> **Input data**:
-- Opening Marker --
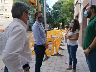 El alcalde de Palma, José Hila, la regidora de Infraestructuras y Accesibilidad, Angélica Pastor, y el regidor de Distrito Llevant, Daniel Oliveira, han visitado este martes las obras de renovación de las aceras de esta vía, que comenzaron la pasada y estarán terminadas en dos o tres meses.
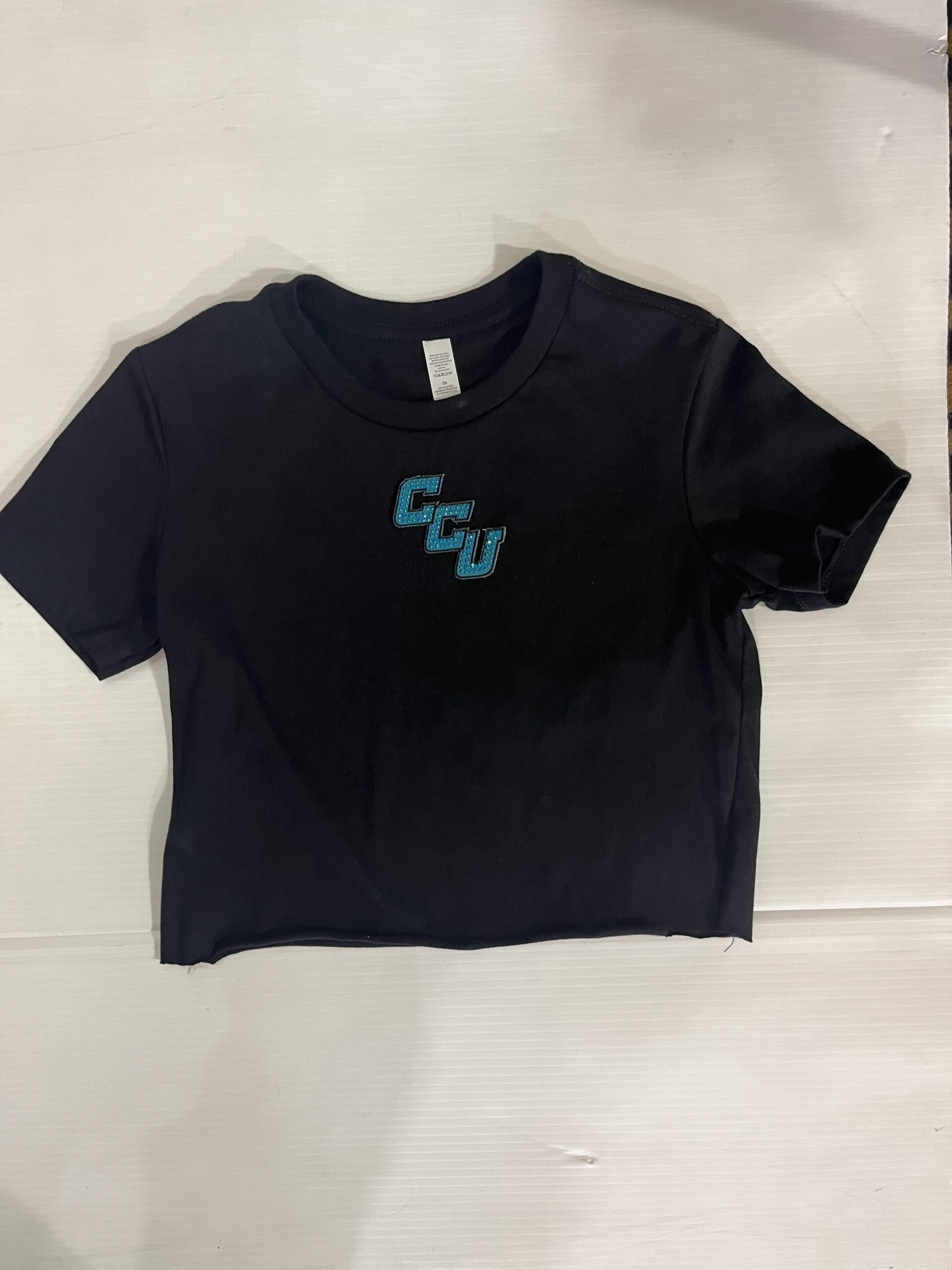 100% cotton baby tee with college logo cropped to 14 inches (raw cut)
-- Closing Marker --
-- Opening Marker --
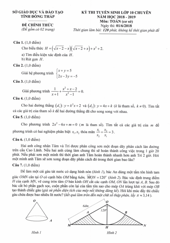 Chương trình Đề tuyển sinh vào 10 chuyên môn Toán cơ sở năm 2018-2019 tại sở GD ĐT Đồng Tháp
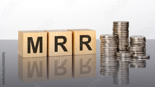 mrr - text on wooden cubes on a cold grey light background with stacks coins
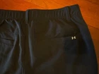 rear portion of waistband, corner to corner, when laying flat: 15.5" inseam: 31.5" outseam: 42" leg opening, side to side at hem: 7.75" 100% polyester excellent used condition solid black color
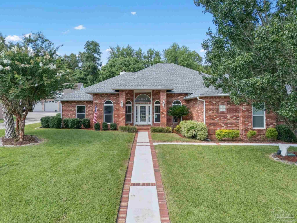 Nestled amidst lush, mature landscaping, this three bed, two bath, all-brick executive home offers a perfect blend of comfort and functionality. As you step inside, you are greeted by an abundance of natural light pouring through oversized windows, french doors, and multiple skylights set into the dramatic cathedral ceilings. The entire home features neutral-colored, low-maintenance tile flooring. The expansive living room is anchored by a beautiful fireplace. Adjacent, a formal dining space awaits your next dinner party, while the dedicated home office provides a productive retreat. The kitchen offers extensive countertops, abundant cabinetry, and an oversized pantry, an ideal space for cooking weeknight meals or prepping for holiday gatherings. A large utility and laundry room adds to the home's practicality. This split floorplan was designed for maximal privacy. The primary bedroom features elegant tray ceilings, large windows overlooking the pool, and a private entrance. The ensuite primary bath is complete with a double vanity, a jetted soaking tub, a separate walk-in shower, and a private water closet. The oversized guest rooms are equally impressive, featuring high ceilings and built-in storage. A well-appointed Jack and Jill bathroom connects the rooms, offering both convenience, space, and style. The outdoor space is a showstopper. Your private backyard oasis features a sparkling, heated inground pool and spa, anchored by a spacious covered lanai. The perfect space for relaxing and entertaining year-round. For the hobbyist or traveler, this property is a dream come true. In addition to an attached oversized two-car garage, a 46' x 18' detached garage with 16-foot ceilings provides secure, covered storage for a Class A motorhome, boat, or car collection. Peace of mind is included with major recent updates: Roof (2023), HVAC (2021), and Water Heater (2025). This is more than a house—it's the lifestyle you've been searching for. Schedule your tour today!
-- Closing Marker --
-- Opening Marker --
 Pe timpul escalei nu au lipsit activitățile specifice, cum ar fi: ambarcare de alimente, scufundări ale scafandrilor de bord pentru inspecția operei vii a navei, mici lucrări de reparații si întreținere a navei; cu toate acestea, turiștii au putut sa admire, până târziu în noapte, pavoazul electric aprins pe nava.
-- Closing Marker --
> **Exercise directions**:
Return exactly the lines of the material above, starting at the line containing "El alcalde de" and finishing at the line containing "100% cotton baby", without any pictures.

> **Reply to the exercise**:
 El alcalde de Palma, José Hila, la regidora de Infraestructuras y Accesibilidad, Angélica Pastor, y el regidor de Distrito Llevant, Daniel Oliveira, han visitado este martes las obras de renovación de las aceras de esta vía, que comenzaron la pasada y estarán terminadas en dos o tres meses.
 100% cotton baby tee with college logo cropped to 14 inches (raw cut)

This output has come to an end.